With the exception of the proposed weapons counseling, DAHI's prescription itself is fairly standard gun-control boilerplate, the usual thin end of the anti-Second Amendment wedge. DAHI's agenda includes an extension of the Brady background checks, restrictions on the number of guns that can be bought within a given period, and, of course, that stalker-friendly favorite, the imposition of an interval "between the time an individual purchases a weapon and the time s/he takes possession of it."

As ideas they are nonsense, of course, but what makes these suggested "interventions" (as they are pretentiously labeled) particularly offensive is the way that they are an abuse of the aura and the authority of the physician. By pretending that these measures are a "healthcare" issue, DAHI is attempting to push through a partisan program without the bother of going through the normal political debate. Such debate may be messy, but it is essential part of democracy. These lordly doctors, seem to above such petty considerations.

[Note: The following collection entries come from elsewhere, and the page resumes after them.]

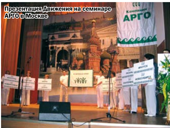
Презентация Движения на семинаре АРГО в Москве
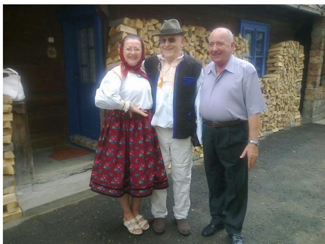
Notre président en habit local

Après un voyage-éclair en camionnette du 5 au 8 avril et la livraison à Timisoara
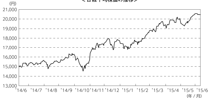
<日経平均株価の推移>

設定時から2014年9月末にかけては、中国の景気指標の改善や米国株式市場の上昇などを好感したこと、政府の成長戦略への期待感が広がったことなどから株式市場は上昇しました。10月上旬に世界景気の先行き不透明感や米国内でのエボラ出血熱の感染拡大が懸念されたことから一時下落する局面があったものの、同月末に日銀が追加金融緩和を決定したことから再び上昇しました。2015年に入っても、ECB（欧州中央銀行）の量的緩和導入や米国の早期利上げ観測の後退、国内景気の回復や企業業績の拡大期待から引き続き上昇しました。
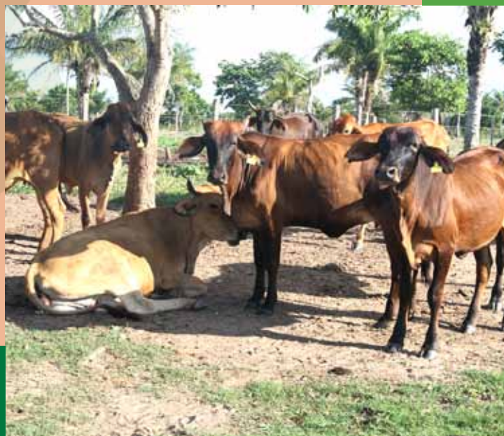
Ascención de Guarayos
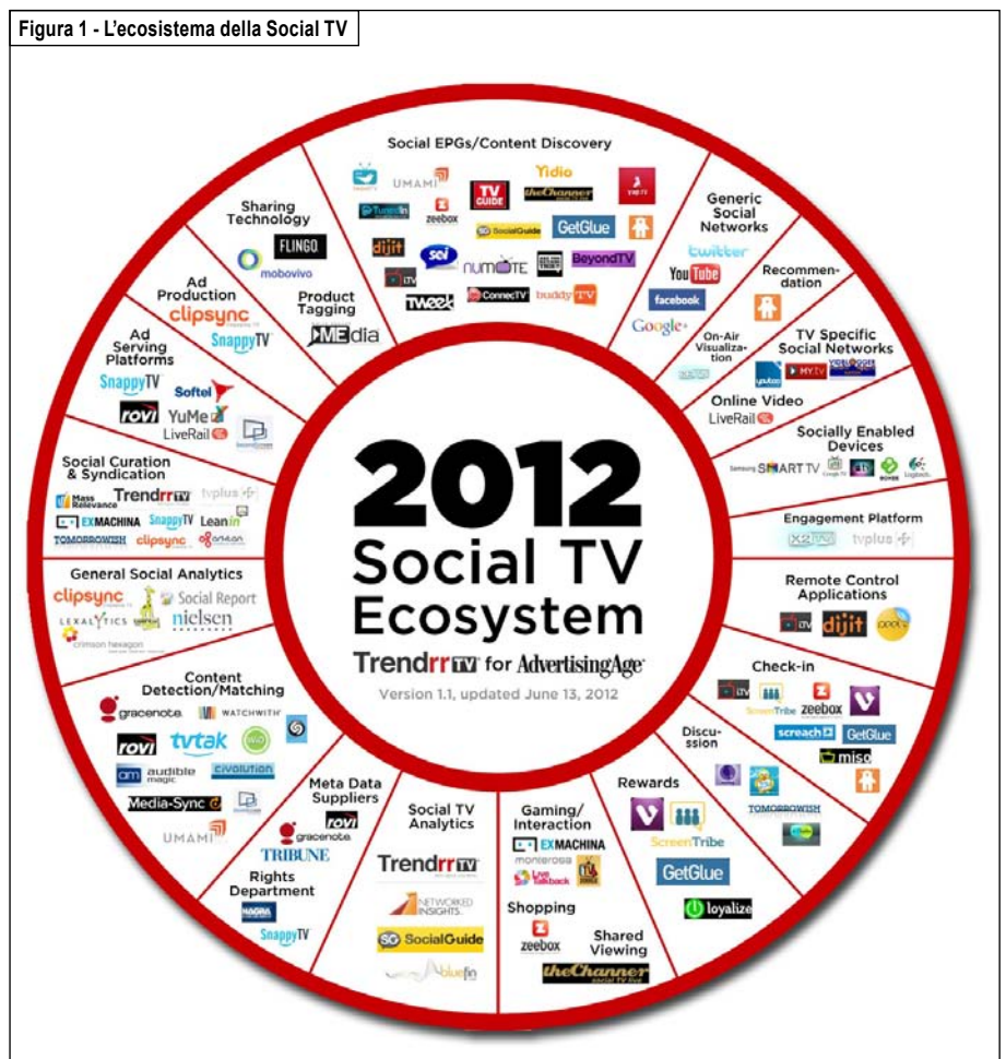
Figura 1 - L'ecosistema della Social TV

Siamo dunque di fronte a qualcosa di assai diverso rispetto alla sfida ai palinsesti televisivi, chiaramente antagonista, posta dai contenuti web-nativi. Nella Social TV l'esperienza è generata e si nutre della conversazione/interazione legata all'offerta TV. Si può persino parlare di un inatteso, quanto provvidenziale, arsenale difensivo messo a disposizione dei broadcaster, a partire da quelli generalisti, i più minacciati dall'assedio delle Internet TV.
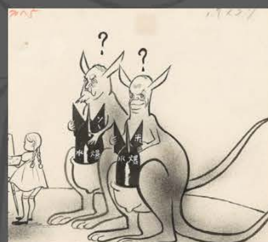
「おろかなる獣たち」
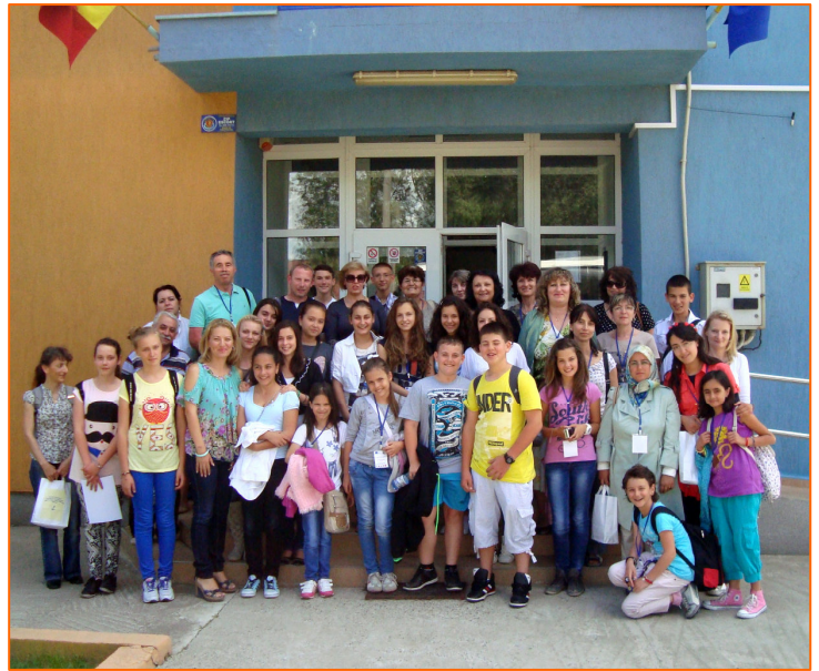
Снимка на всички участници пред училището
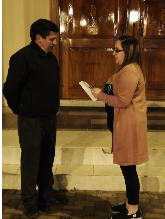
Elaborado por: Los investigadores
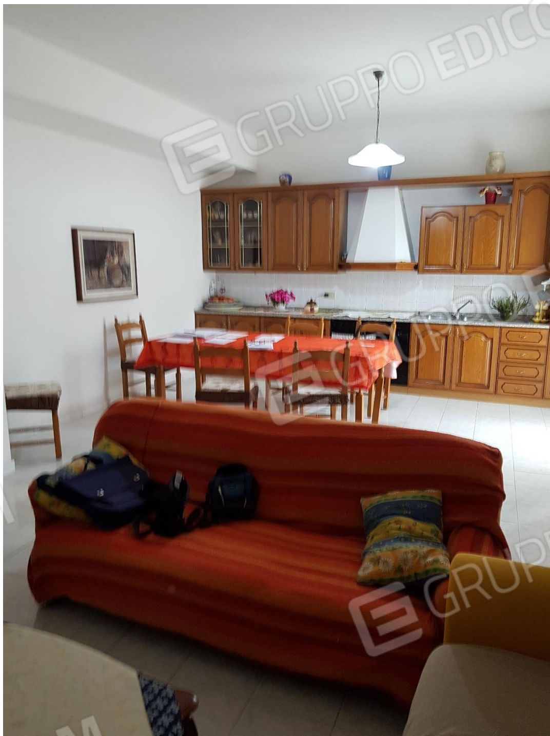
Foto n.6b: soggiorno-cucina con balcone esposto ad est (inquadramento soggiorno-cucina)
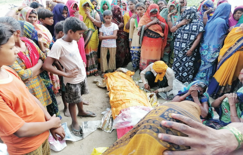
घटनास्थल पर लगी ग्राम वासियों की भीड़
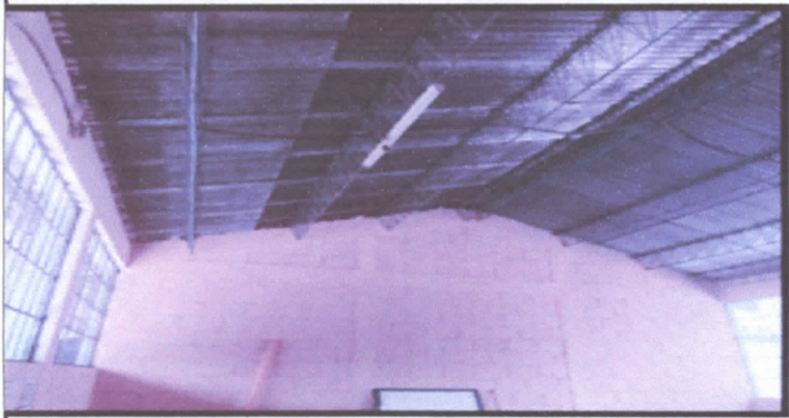
1.1 Sustitución de lámina, por lámina troquelada aluznic calibre 26
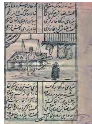
تصویر ۱۱. یاری طلبیدن فرزند عاق شده از پیامبر (ص)، به رقم محسن تاجبخش.
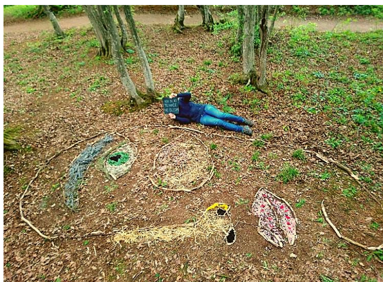
Figura 5 Projeto final “Who are you when no one is watching you?”, fotografia de Lina Drenik.
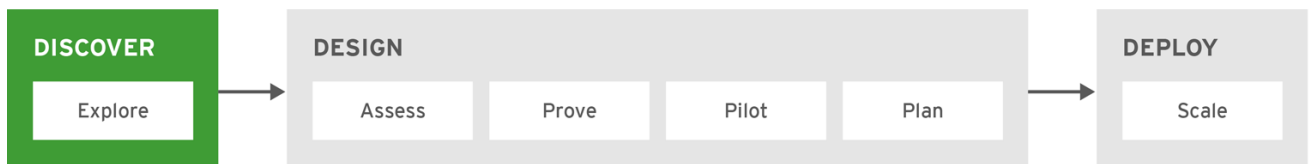
図5.2 Red Hat 移行の方法: 発見フェーズ
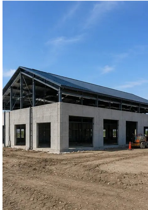
Foto nº10. Construção da cobertura concluída
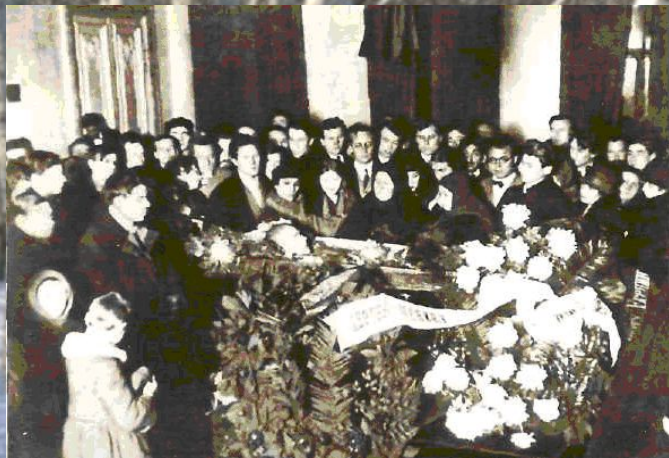
У гроба С. А. Есенина в Доме Печати.

Жизнь С.А. Есенина трагически оборвалась в Петрограде, в гостинице «Англетер» при невыясненных обстоятельствах. Поэта нашли повешенным. После гибели Есенина начался период официального забвения его творчества. В 1927 году появилась статья Бухарина «Злые заметки». Творчество поэта было признано мелкобуржуазным, кулацким, не соответствующим великой эпохе. Статья на много лет стала идеологической основой для

Perhaps even worse, they also appear to consider themselves to be above the standards of accuracy and objectivity that we are traditionally entitled to expect from our physicians. To take a couple of examples, visitors to DAHI's website will, amid talk of "carnage," grudgingly be told that there has been a fall in gun-related deaths since 1993. It is explained, however, that this fall is at least "partly" attributable to the Brady Law. The fact that the decline began a year or two before the law came into force is not referred to, nor is there any analysis of how many lives might be saved by the defensive use of guns. Similarly, there is plenty of focus on accidental death from firearms, but no mention of the fact that, between 1980 and the late 1990s this total fell by nearly a half, despite rapidly rising levels of gun ownership. Tragic though it is, the death toll from firearms accidents is smaller than that from drowning, burning, or even simply falling over. It is not much larger than the number who come to their end while engaged in recreational boating, and it is less than one-thirtieth of the total killed in motor vehicle accidents.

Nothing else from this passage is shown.